What are some of your favorite Italian traditions and why? Everyone always starts with food but I will start off with being loyal to those you love. That is a tradition that was given to me by my parents. NOW the food! I still make a lot of my parents’ holiday dishes and the ones that stand out the most (both by scent and flavor) are Bacalla during Christmas Eve and New Year’s and Fried Broccoli with garlic. When I do these things, I feel I am honoring my parents and they deserved to be honored. Another tradition that I pass onto my little girl are all the Italian sayings my parents would say to me. There are a ton of them and they make sense and they have helped me in my life.

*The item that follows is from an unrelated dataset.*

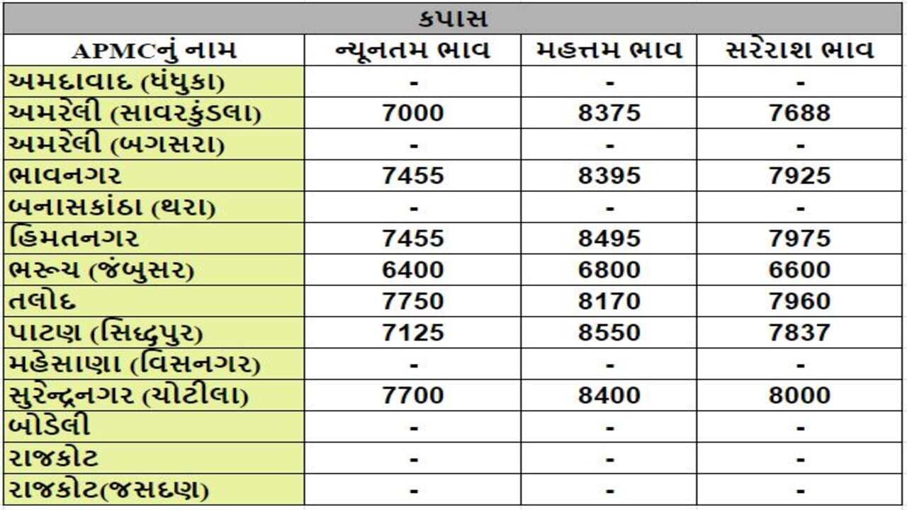 કપાસના તા.06-04-2023ના રોજ APMCના ભાવ રૂ.6400 થી 8550 રહ્યા.
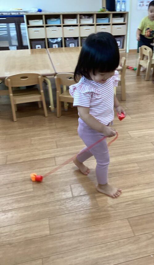 今日は牛乳パックの積み木とひも通しで遊びました!

Have you had a chance to visit Italy and the town where your ancestors are from? Yes. But it’s been 32 years. I have been nominated to the Italian Baseball Hall of Fame located in Rome so if I get voted in, I will be going back. Even if I don’t get in, I will go back. I would love to see my family again, and have my wife and daughter meet them. It would be a very moving event going back to Italy.
What does being Italian mean to you? Pride in what our people have contributed to the world. Proud of what my family had done in Italy and here in America, and hopefully I can add to that. Also to me, being Italian means being creative, having passion, working hard, and passing on the traditions, values, and words and actions of our people to my daughter so she can pass them on to her family one day so they stay alive. That’s one of the great things about your online publication, “Ciao Pittsburgh”—keeping our heritage alive in so many ways.

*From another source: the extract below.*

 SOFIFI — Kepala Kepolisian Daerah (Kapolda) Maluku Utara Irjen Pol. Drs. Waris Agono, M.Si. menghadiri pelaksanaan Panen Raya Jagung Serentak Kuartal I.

Do you have any particular favorite Italian restaurants (here in Pittsburgh or anywhere in the country)? To be honest all of them! There are a lot of good ones in Rhode Island too. My Mom’s food was the best! I am not too bad of a cook either!
Who do you look to for motivation and inspiration? For motivation, it’s my Mom and Dad, as well as my wife and daughter. Also, the people who did not want to see my dreams come true. I used their negativity to motivate me. “Use your worst enemy as your best ally.” For inspiration, again, Mom, Pop, my wife and daughter. But there have been so many people who have had an impact on my life—Jim Valvano, Roberto Clemente, Greg Norman, Donald Trump, Magic Johnson, John Calipari, Bruno Sammartino, Vinny Pazienza, Ray Mancini, Rocky Marciano, Doug Collins, Dick Vermiel, Vince Papale, Buster Douglas, George Foreman, Pete Maravich, Joe Namath, Lee Mazzilli, Joe Torre, Rick Pitino, Vince Lombardi, and I can’t forget the songs of Barry Manilow! I could go on and on. They have had impact on me professionally, in business and in life. I have to mention them.
What are some of your favorite hobbies? I love to read. Golf. Fishing with my daughter and I collect Celebrity Wines.
Last book you read? Joel Osteen’s, “It’s Your Time,” Ray ‘Boom Boom’ Mancini—The Good Son,” Josh Kaufman, “The Personal MBA—Master the Art of Business.”
What else would you like our readers to know about you? I had a dream when I was 8. With the love and support of my Mom and Dad, the negative comments by some people, hard work, and prayers, things have gone the way they have. I am truly blessed. My dreams have come true 10 fold. BUT, that does not give you a reason to be an idiot with people. Be confident in what you do and how you do it, but don’t be an idiot. Have dreams, go after them with everything you have and simply don’t give up! Things can happen. I look at my life and feel so blessed but yet sad that my Mom, Ida, who passed in 1988 at the age of 48 and my Dad, Olindo, who passed in 2004 at the age of 75 are not here. I know they see what I am doing but I wish I could see their expressions and hear what they say about things I do. I also want to be the type of parent my Mom and Dad were to my daughter. And lastly, an old saying that rings true—”If you ever see a turtle on top of a fence post, you know he didn’t get there alone,”—I did not get here alone.